Hours into opening Ottawa’s first makeshift overdose prevention site, organizers said they supervised 11 people as they used drugs.

The site, which is run by a group of trained volunteers advocating for legal safe consumption sites, opened at Raphael Brunet Park on Friday, without a permit.

“Primarily we’re here to save a life if ever someone has an overdose, which is not a service offered now, nowhere in Ottawa can you inject safely, said Marilou Gagnon, a member of the group, and president of Harm Reduction Nurses Association.

The group said they chose to open without the permit, because receiving the approval from Health Canada can take months, if not years.  

“People are dying,” Gagnon said. “They use alone and we just can’t justify letting people die because of bureaucracy.”

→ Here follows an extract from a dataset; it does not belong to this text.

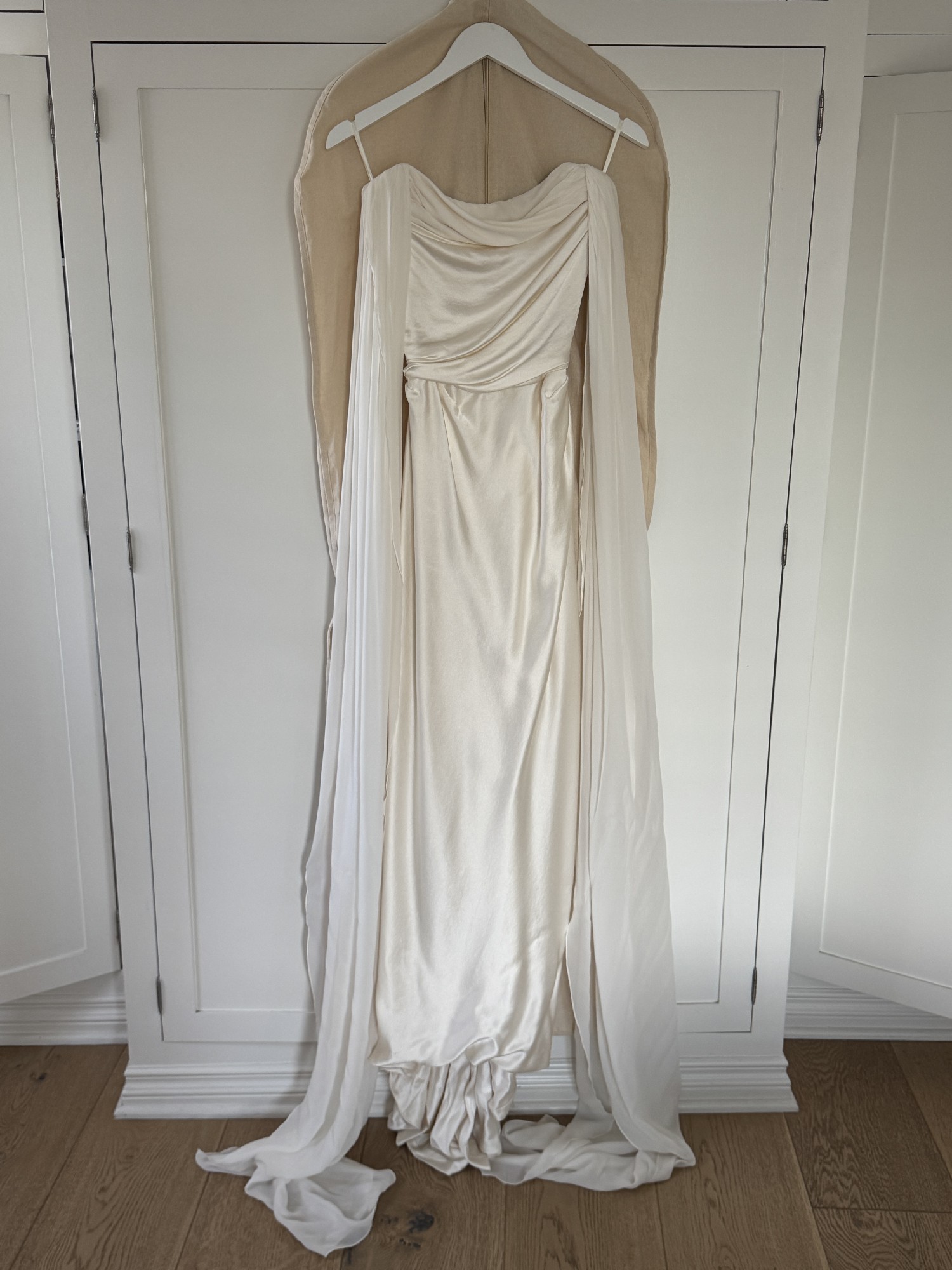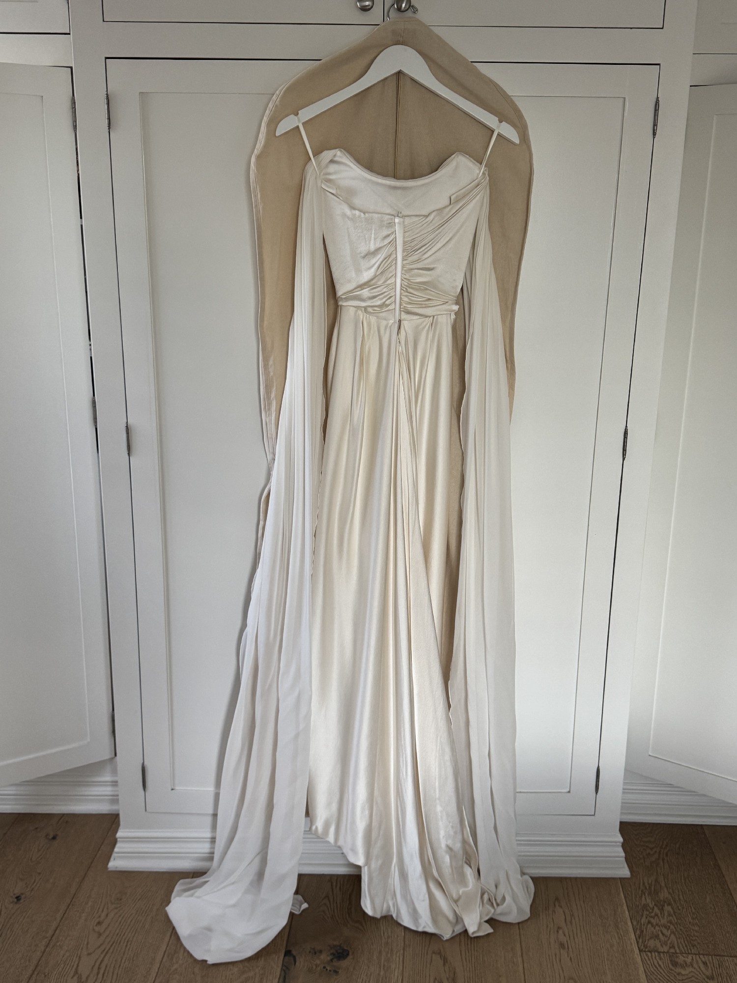 Purchased in August 2023. The dress is in excellent condition and has only been worn once. It has been slightly hemmed for height — I am 5'4" (164 cm), and the front hem just touches the floor when worn.

There is a legal supervised injection site set to open at the Sandy Hill Community Health Centre in October. This clinic has already received approval from Health Canada.

Gagnon said there will be three volunteers working at the site at all times who will supervise drug use. There will also be naloxone kits on site, and clean needles.

Bobby Jamison, a recovered addict turned peer social worker, said in the last 30 days he has assisted with three overdoses in Ottawa. Jamison feels there is an overdose crisis in Canada that requires action today.

“That strong fentanyl that everybody was hearing about, I believe it finally hit Ottawa, and we need help now,” Jamison said.

Overdose prevention sites already exist in Toronto and Vancouver. The group said they will be following the lead from those cities.

The city has not been involved with the imitative, according to Mayor Jim Watson, who said in a statement that “the City is always open to discussions with partners who have a common goal of saving lives from potential overdoses,” Watson wrote in an e-mail.

“That being said, there is a process for the federal approval of supervised consumption sites that I would encourage all community agencies to follow.”

In other cities, police have left the sites running – OPO officials are hoping for the same treatment in Ottawa.